I don’t have a good answer, as (surprisingly) I have not paid close attention to the genesis of Koine. But let’s separate out the various things that happened, and that other respondents have highlighted.
Eleftherios V. Tserkezis correctly highlights that the koine was a dialect koine before it was anything else. And the dialect koine did what he said: given several options, it would pick the most consistent or easiest to learn.
1. Phonetic simplification. Arguably underway in some dialects before Koine—Boeotian I think came up with some iotacism way before, for example. The phonetic simplifications were natural trends, of the kinds that Steve Rapaport investigates. Any tendency to simplify the phonemes foreigners had to learn was welcome; but that tendency was likelier to prevail if it was already underway in at least some speakers. So iotacism was likely already underway, and the foreign language learners may have just encouraged it.
The typologically more commonplace changes, like fricatives for aspirates, may have been more a foreigner thing, or just a natural thing nothing to do with Koineisation. The vowel meltdown seems to have been quick; the consonant meltdown was not.
2. Morphological simplification. Here the role of dialect was important, because different dialects offered different options, which foreigners would not have just invented. Hence the abandonment of Attic peculiarities (and they really were peculiar), such as the Attic declension -εώς in favour of Doric -αός, or of -ις -εως in favour of the Ionic -ις -ιος. (Surprised by that? -ις -εως came back in learnèd Greek.)
So foreigners mattered, and there’s a parallel for that kind of scenario in what happened to Old English when the Vikings came to town—the differences in inflection were smoothed over.
But more critical was the increased mobility of Greeks of different dialect backgrounds, outside the city states, and without clear dominance of one group over the other. Ok, the basis was still Attic, but it was an Attic that could pick Ionic and Doric alternatives when they were easier. The dialects only died out around the first century AD.

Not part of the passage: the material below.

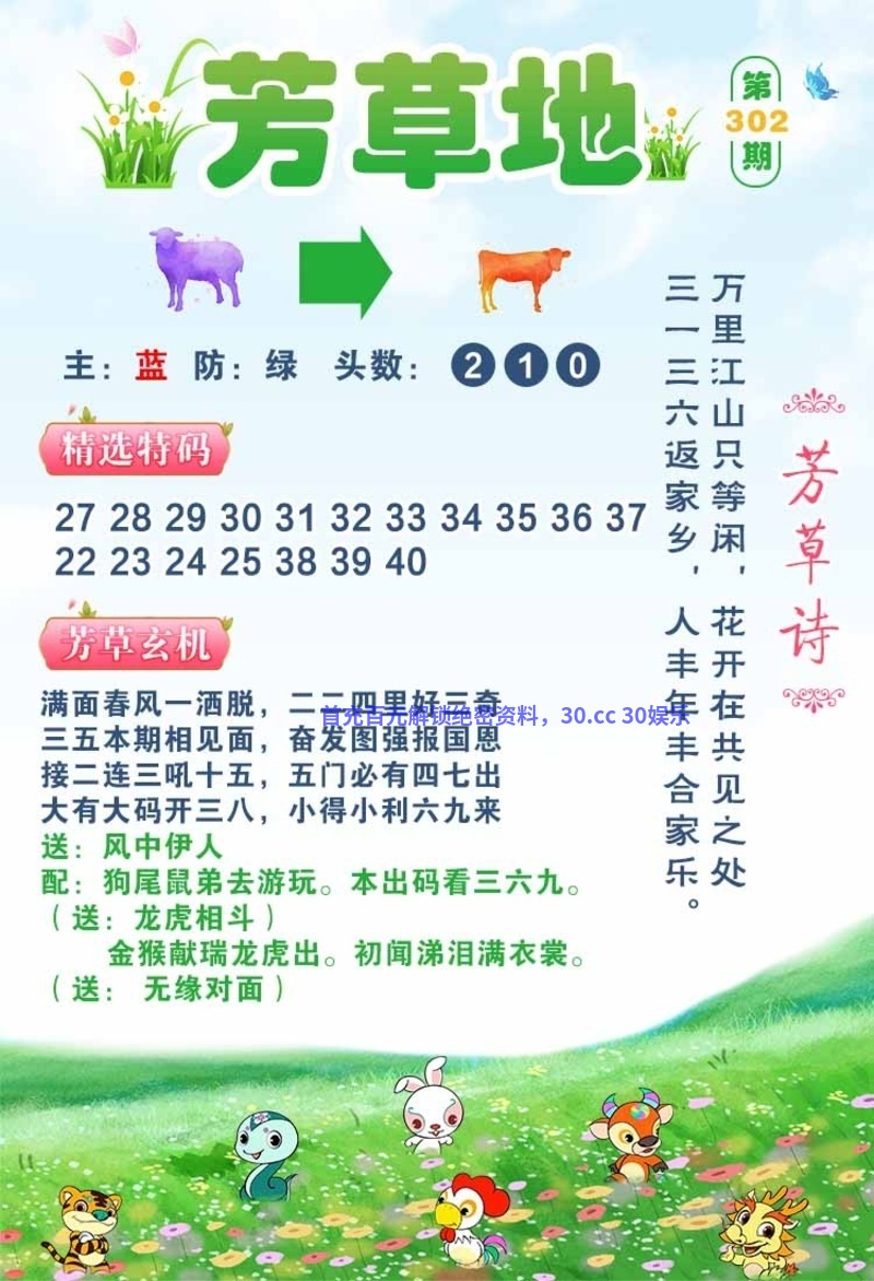 302期芳草玄机:满面春风一洒脱,二二四里好三奇。三五本期相见面,奋发图强报国恩。接二连三吼十五,五门必有四七出。大有大码开三八,小得小利六九来。 芳草诗:三一三六返家乡,人丰年丰合家乐。万里江山只等闲,花开在共见之处。 传奇特肖:鸡龙马猴猪鼠兔 发财波色:蓝绿 内幕头数:210 |

There’s one parallel in Modern Greek to koineisation: what happened in Athens in the 19th century. The basis is Peloponnesian, but there’s other bits, which randomly came in via prestige (Constantinopolitan, we suspect, for the northern Greek -οῦσα imperfect, and the Northern accusative indirect objects could have been adopted as well); and if a dialect happened to resemble Puristic Greek, its form was boosted (there’s some Heptanesian forms in the standard—I forget which—which are better explained by their similarity to Puristic).
There’s another parallel in Modern Greek, to “contact with non-Greek speaking people”, which is a lot closer to the Koine story, though less well studied. In fact the only statement of it was a throwaway line in paper by Richard MacGillivray Dawkins in… 1940?
Islander Greek and Mainland Greek are different. Islander Greek is more uneven, has more archaisms, has more exceptions all round. Mainland Greek has a smoother, simpler grammar.
There was lots more use of Greek as a second language on the mainland.
Which sounds like another discussion we’ve been having, Dimitra Triantafyllidou.